I just put a pair of regular Phillips earphones into the audio pads of my Giro Revolver helmet.(Not the in-ear buds, the ones that just "sit" in the ear) It sounds fine, but I have to wear it so the cable is behind my head because the two end cords aren't long enough to go over my face. And they don't have a mute button on the cable but I plan on getting a pair that does.


----------



## 2hipp4u (Dec 24, 2010)

IASUS is what I got, link below

IASUS Logistics Online Shopping


----------



## snowklinger (Aug 30, 2011)

2hipp4u said:


> IASUS is what I got, link below
> 
> IASUS Logistics Online Shopping


wow they got some nice stuff! I really like the idea of the amp.


----------



## 2hipp4u (Dec 24, 2010)

I got the amp as well, its loud as hell. I don't use it much cause I dont need the tunes that loud and its one more piece of gear in my jacket that I don't really want.


----------



## DanX (Oct 19, 2011)

I have the Smith Maze/Skull Candy setup. I love it. I just made sure yesterday that last year's season didn't kill them. They still sound great. My only complaint is how easy it is to push the button on the cord. At least its large enough to just mash with my gloves on when I need to toggle the audio on/off or change songs.


----------



## smokebelch109 (Nov 6, 2012)

Must admit that Iasus stuff looks good, if the K2 Audio doesnt hold up i'll definitely be looking in to them.
just tried having people shout at me while wearing the helmet listening to music, i could still hear them but the audio was still great on the K2's...looking good so far!


----------



## onthefence (Dec 16, 2010)

I just used the Apple Earpods, the ones packaged with the newest generation iPhones and iPods. They fit under my earpads comfortably. The main thing I like about them is that unlike the original ipod earbuds, the Earpods are built to be semi-isolating, so I could hear important sounds around me (a rider speed checking or falling) but still have enough subtle isolation to let my music not get drowned out. Also, its extremely convenient to have the inline controls so I can skip tracks and adjust volume without taking out my MP3 player.


----------



## krankedmusic (Nov 15, 2012)

2hipp4u said:


> IASUS is what I got, link below
> 
> IASUS Logistics Online Shopping


I got something similar. Works well but this brand seems so much better then what I got. 
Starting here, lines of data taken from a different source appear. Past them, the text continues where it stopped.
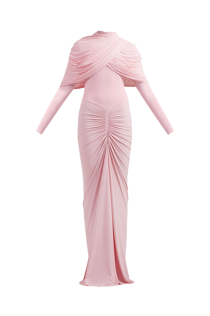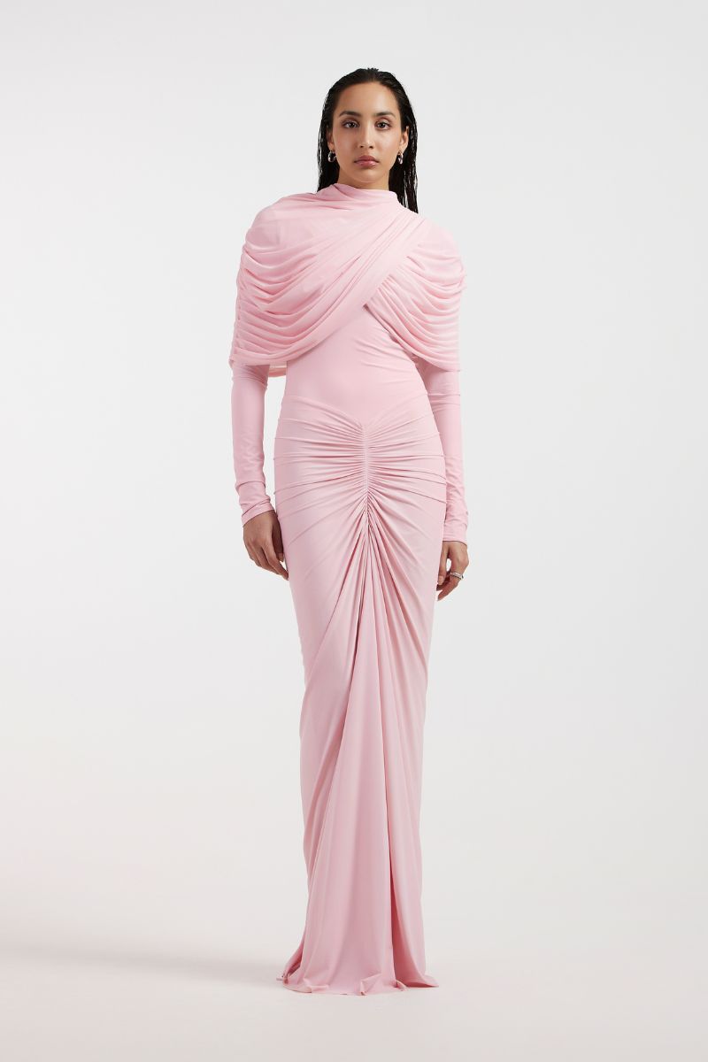 noa draped pink gown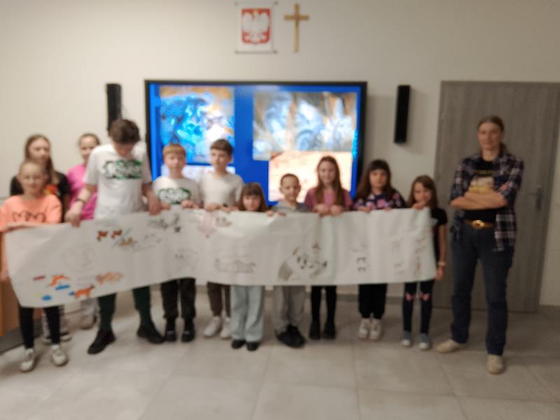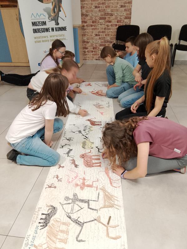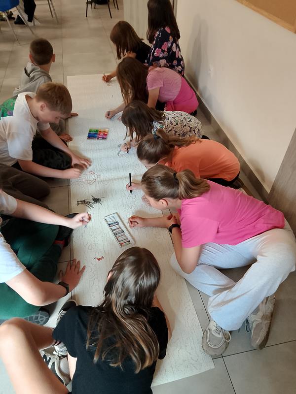 Dużą frajdę uczniom sprawiło tworzenie malowideł naściennych . Tu uczniowie wykazali się dużą inwencją twórczą. Na zakończenie wieczoru sympatycy paleontologii obejrzeli fragment I części filmu „Avatar” w reżyserii J. Camerona. Dla wszystkich uczestników seansu SU przygotował solidną porcję popcornu . Po tak rozpoczętym udanym wieczorze uczniowie klas IV-V udali się na dalsze zajęcia związane ze szkolną nocowanką .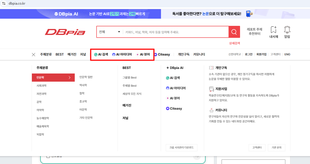중앙도서관에서는 구성원의 학습과 학술연구 지원을 위해 신규 도입된 DBpia AI 서비스를 한시적으로 제공하고 있습니다.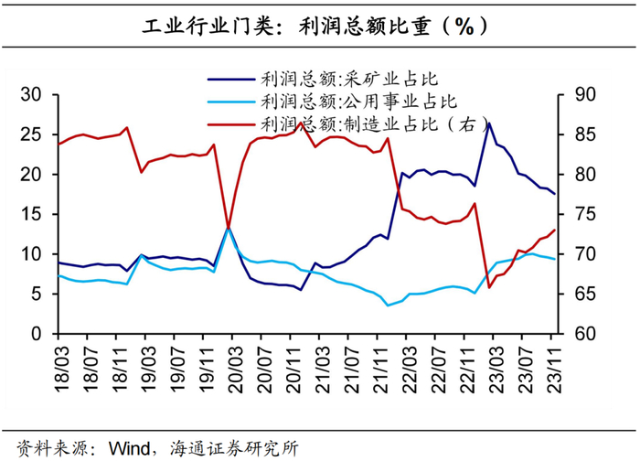 在行业间,即使企业盈利变化趋势相似,但是背后的增长逻辑可能有着明显差异。我们认为,过去两年企业盈利稳步增长的行业主要有以下几条主线。第一,公用事业、采矿业利润占比较高,我们认为主要与价格的变动有关。从2020年,采矿业的PPI大幅上涨,带动营收增加,这使得该行业的利润增速和占比明显攀升。2023年以来,伴随着大宗商品价格的调整,叠加下游需求不足,企业盈利开始走弱。不过,采矿业的量的增加对利润有所支撑。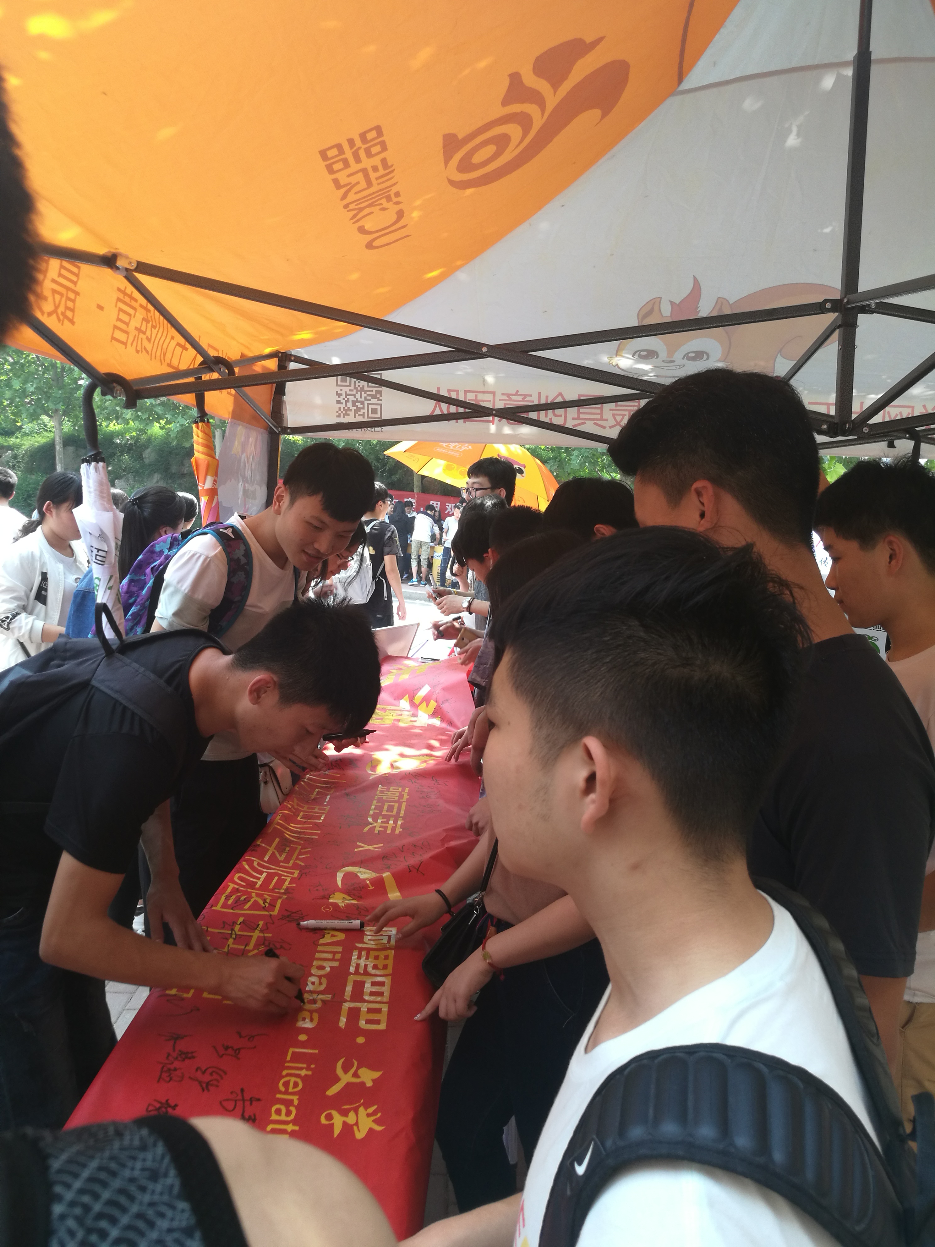 为方便广大师生雨雪天气出行,弘扬诚信精神,5月10日中午,Beplay体育官方网站图书馆联合UC浏览器于餐厅南门举办了“图书馆爱心伞诚信签名”活动。

By chance do you now if they got something that splits to a radio and a mp3 player?


----------



## SpeedDemon (Feb 12, 2011)

Just picked up a FiiO headphone amp from Amazon and I must say it was the best 50 bux I ever spent. I also got the optional ipod line-out adapter.
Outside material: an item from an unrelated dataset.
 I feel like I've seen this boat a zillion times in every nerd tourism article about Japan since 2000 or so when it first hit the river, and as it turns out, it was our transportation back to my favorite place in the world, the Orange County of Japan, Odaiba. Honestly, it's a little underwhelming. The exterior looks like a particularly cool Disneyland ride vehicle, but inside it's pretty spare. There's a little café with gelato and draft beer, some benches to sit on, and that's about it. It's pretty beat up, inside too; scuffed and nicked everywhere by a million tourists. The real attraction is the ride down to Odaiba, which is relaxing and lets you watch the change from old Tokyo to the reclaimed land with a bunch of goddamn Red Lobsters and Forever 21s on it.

Not only did it make the crappy Giro Tuneups in my Seam helmet louder, but the sound is a lot fuller/richer.


----------



## skicrew (Feb 2, 2018)

Check out Domio - really awesome sound, direct controls on the unit, long battery life, and my ears open. Everything I ever wanted


----------



## Alpine Duke (Jun 21, 2015)

isn't there already one or two threads about this topic?


----------